And she proceeded to prepare the meal. The ladies rose; they seemed about to withdraw to the parlour. Till this moment, I had been so intent on watching them, their appearance and conversation had excited in me so keen an interest, I had half-forgotten my own wretched position: now it recurred to me. More desolate, more desperate than ever, it seemed from contrast. And how impossible did it appear to touch the inmates of this house with concern on my behalf; to make them believe in the truth of my wants and woes—to induce them to vouchsafe a rest for my wanderings! As I groped out the door, and knocked at it hesitatingly, I felt that last idea to be a mere chimera. Hannah opened.

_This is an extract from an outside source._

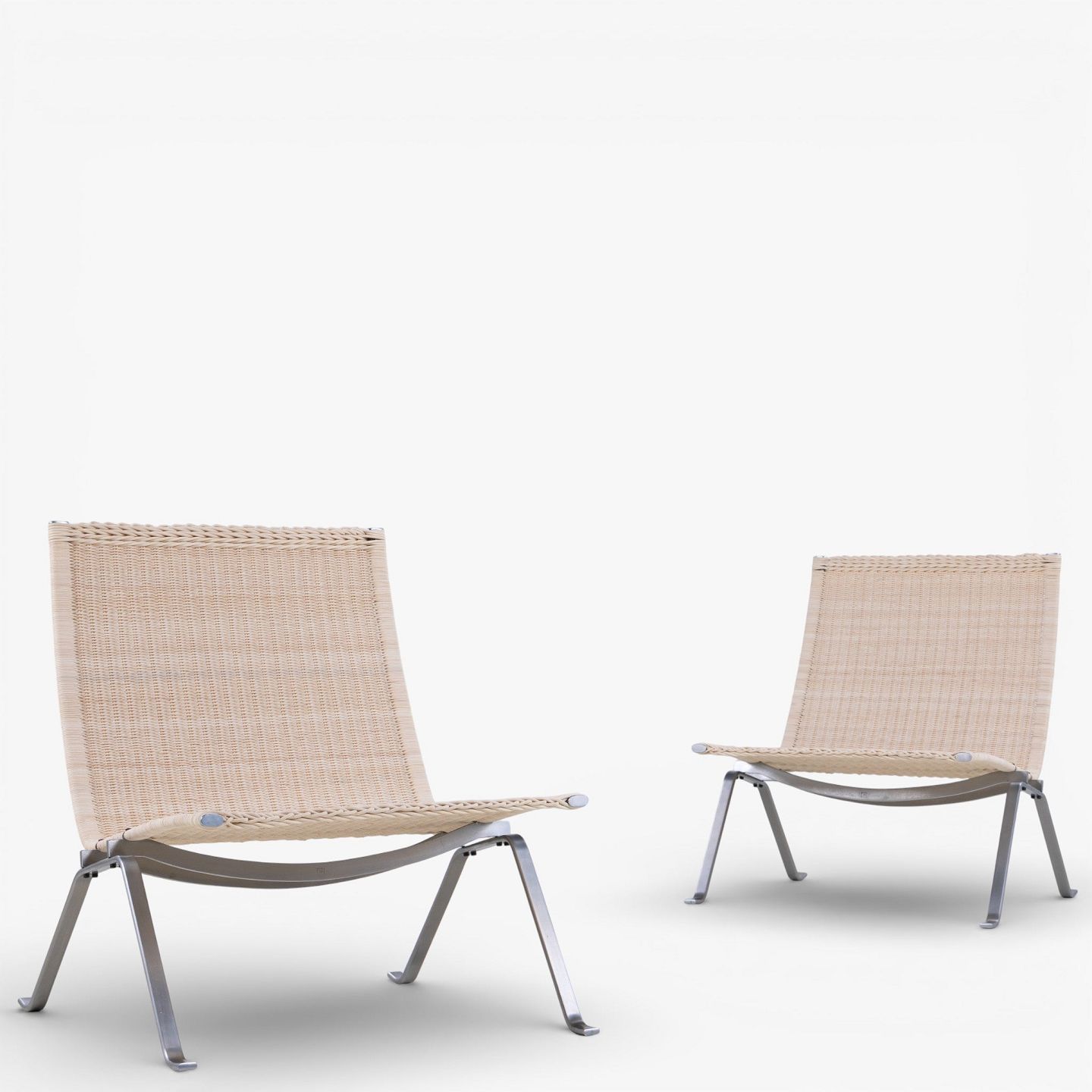 PK 22 - Lænestol i nyflettede peddigrør med stel i stål. Stemplet fra producent.

“What do you want?” she inquired, in a voice of surprise, as she surveyed me by the light of the candle she held.

“May I speak to your mistresses?” I said.

“You had better tell me what you have to say to them. Where do you come from?”

“I am a stranger.”

“What is your business here at this hour?”

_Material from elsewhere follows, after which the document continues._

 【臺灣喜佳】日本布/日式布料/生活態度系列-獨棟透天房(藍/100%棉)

“I want a night’s shelter in an out-house or anywhere, and a morsel of bread to eat.”

Distrust, the very feeling I dreaded, appeared in Hannah’s face. “I’ll give you a piece of bread,” she said, after a pause; “but we can’t take in a vagrant to lodge. It isn’t likely.”

“Do let me speak to your mistresses.”

“No, not I. What can they do for you? You should not be roving about now; it looks very ill.”

“But where shall I go if you drive me away? What shall I do?”

“Oh, I’ll warrant you know where to go and what to do. Mind you don’t do wrong, that’s all. Here is a penny; now go—”

“A penny cannot feed me, and I have no strength to go farther. Don’t shut the door:—oh, don’t, for God’s sake!”

“I must; the rain is driving in—”

“Tell the young ladies. Let me see them—”

“Indeed, I will not. You are not what you ought to be, or you wouldn’t make such a noise. Move off.”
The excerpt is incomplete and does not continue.